Theirs may be an uphill battle. At present only two of the Supreme Court's nine justices appear to favor overturning the decision.

Examples of campaign money abuses have dominated the headlines this past election season, including reports of fund-raising sleepovers at the White House and alleged efforts by China to illegally funnel campaign contributions to American politicians.

Calls for new campaign finance laws are under consideration in Congress, including a proposal to pass an amendment to the Constitution to bypass the restraints on reform imposed by the Buckley and other more-recent Supreme Court decisions. A vote on a constitutional amendment is set for today in Congress, but the measure is not expected to pass.

A constitutional amendment is considered a long-shot because it requires a two-thirds vote in both houses of Congress and approval of three-fourths of the states.

Not everyone disagrees with the Supreme Court's view on campaign finance. Sen. Mitch McConnell (R) of Kentucky is organizing his own coalition with the American Civil Liberties Union to counter any efforts to tamper with what they view as a First Amendment right of Americans to spend as much money as they like to get elected.
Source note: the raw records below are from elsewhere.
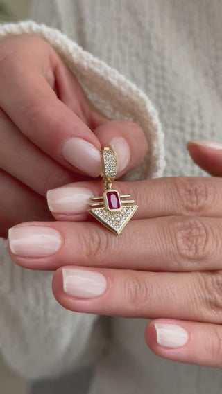 Kırmızı Taşlı Üçgen 14 Ayar Altın Kolye Ucu
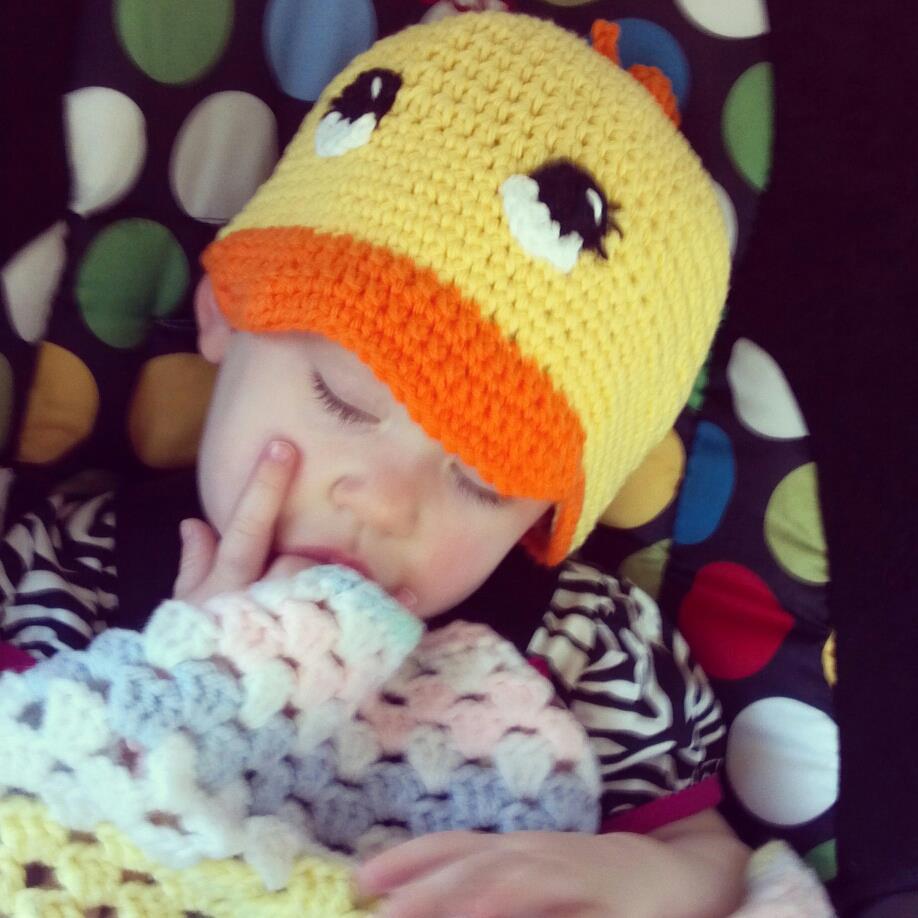 Spring chick hat I just finished for an Easter photo shoot. It is hard to tell, but the eyes are accented in brown.
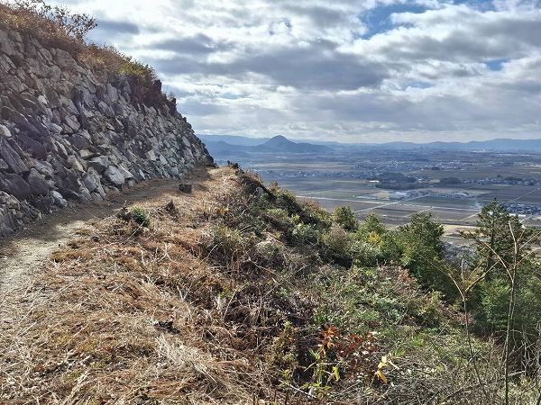 今日は15人の参加で出丸の整備をしました。台地は草刈機での除草、石垣下は常緑雑木が視界を遮っている為その除伐 急斜面のシダ原の中をロープを使っての作業。見違える程に綺麗になった。
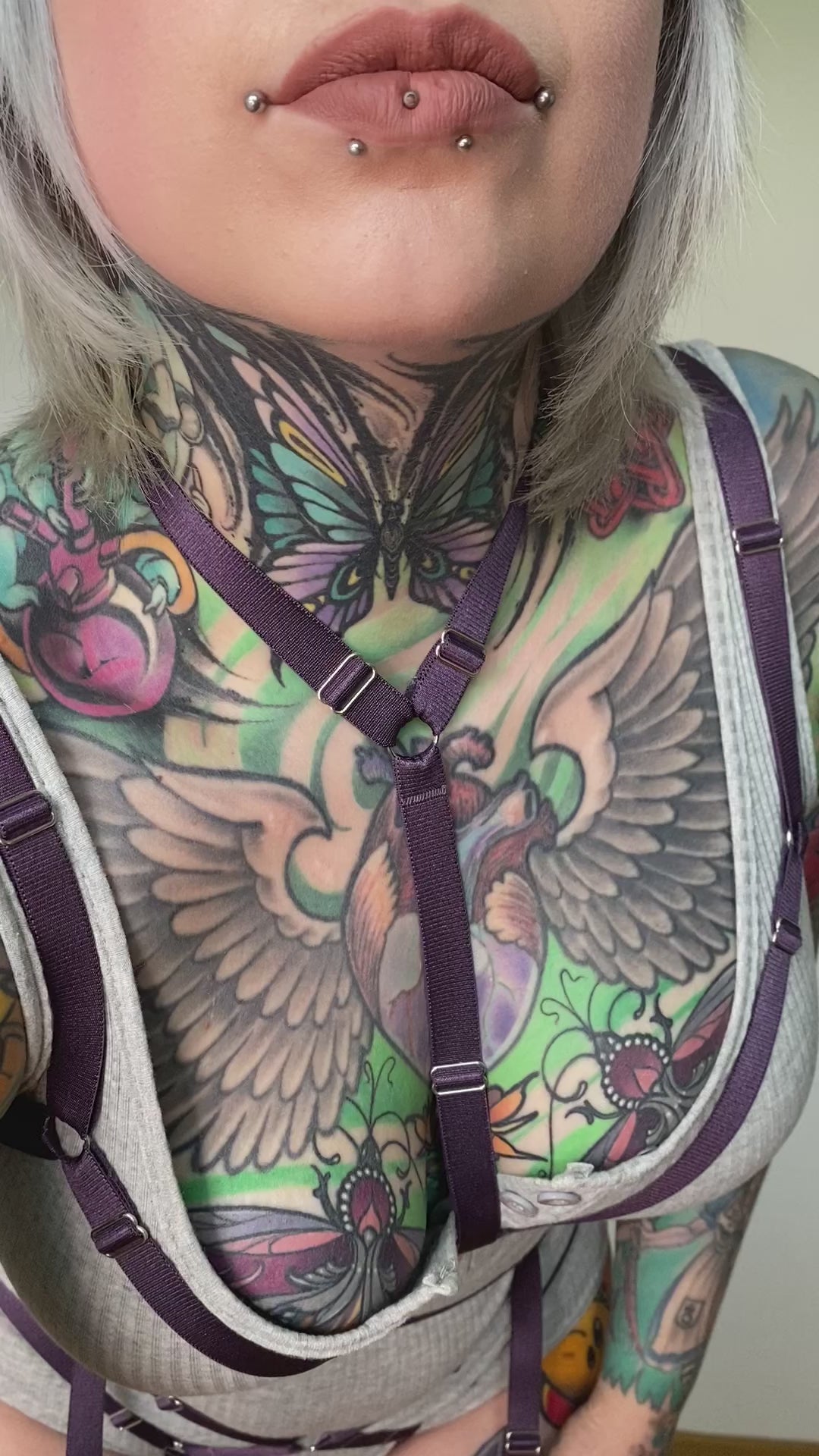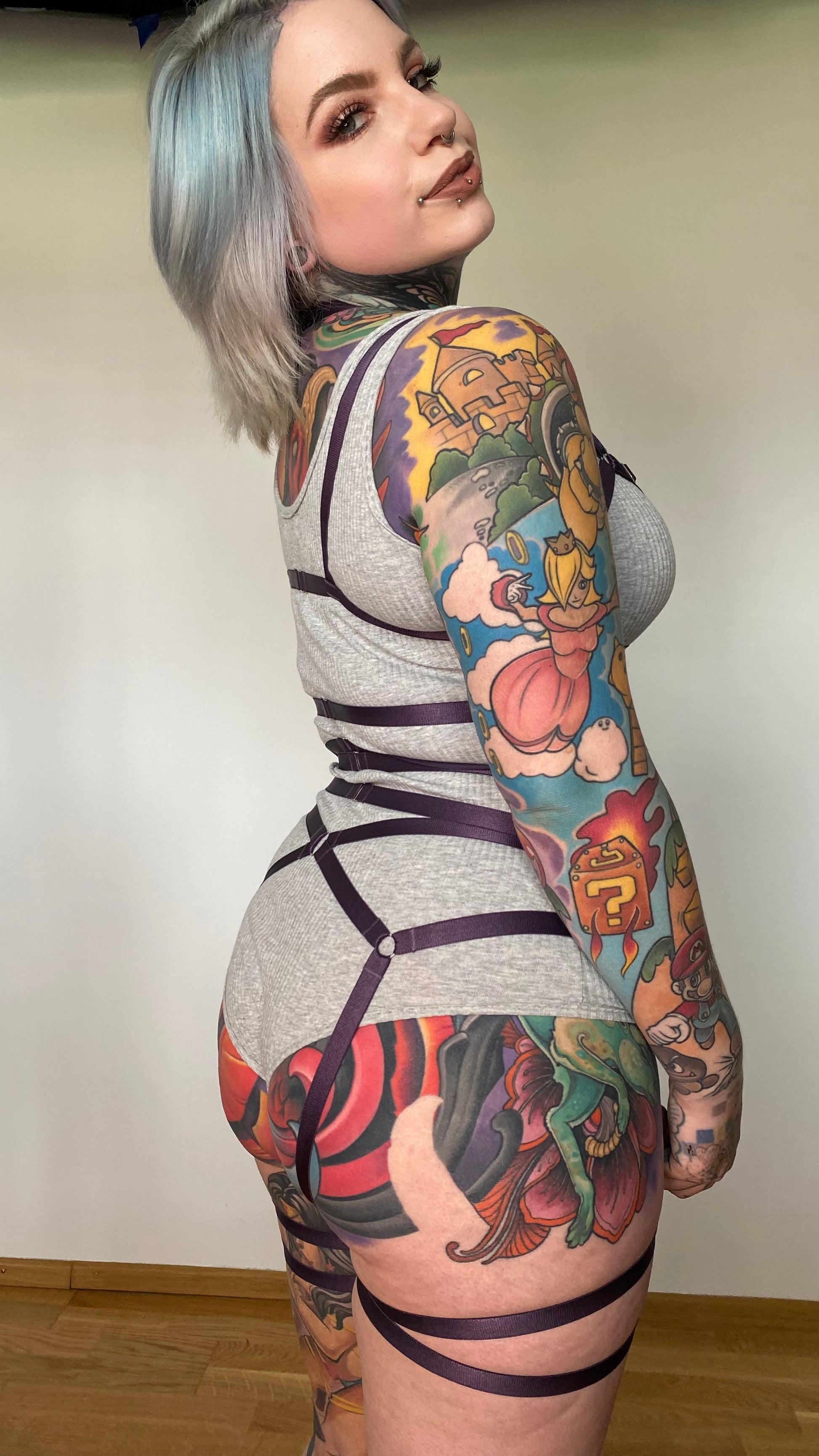 Persephone II - purple cage bra and leg garter belt harness lingerie

Senator McConnell says there is no place in the Constitution for restrictions that would in any way muzzle political speech. In an age of TV campaign advertising, such political speech can be expensive.

Reformers say the only First Amendment right being protected is the right of wealthy contributors and cash-rich candidates to outspend their political opponents.

They say US elections have degenerated away from being a contest of ideas and perspective toward a race to raise money and buy elections through expensive saturation television advertising.

By attacking the campaign-finance issue through the judicial process rather than the political process, the state-based reform group is hoping to eventually wear the high court down.

"The Buckley analysis is wrong and needs to be reconsidered in light of the skyrocketing costs of elections," says John Bonifaz of the National Voting Rights Institute, a Boston-based advocacy group.

Mr. Bonifaz says it took the court 58 years to recognize the error of its separate-but-equal ruling and overturn it in the famous case Brown v. Board of Education in 1954. He adds that it took the court 30 years to overturn poll taxes.

"One would hope that today's justices can have a vision for the future and recognize that ultimately unlimited campaign expenditures will not survive the test of time," Bonifaz says. "Democracy is too fragile to allow private wealthy interests to forever control our elections."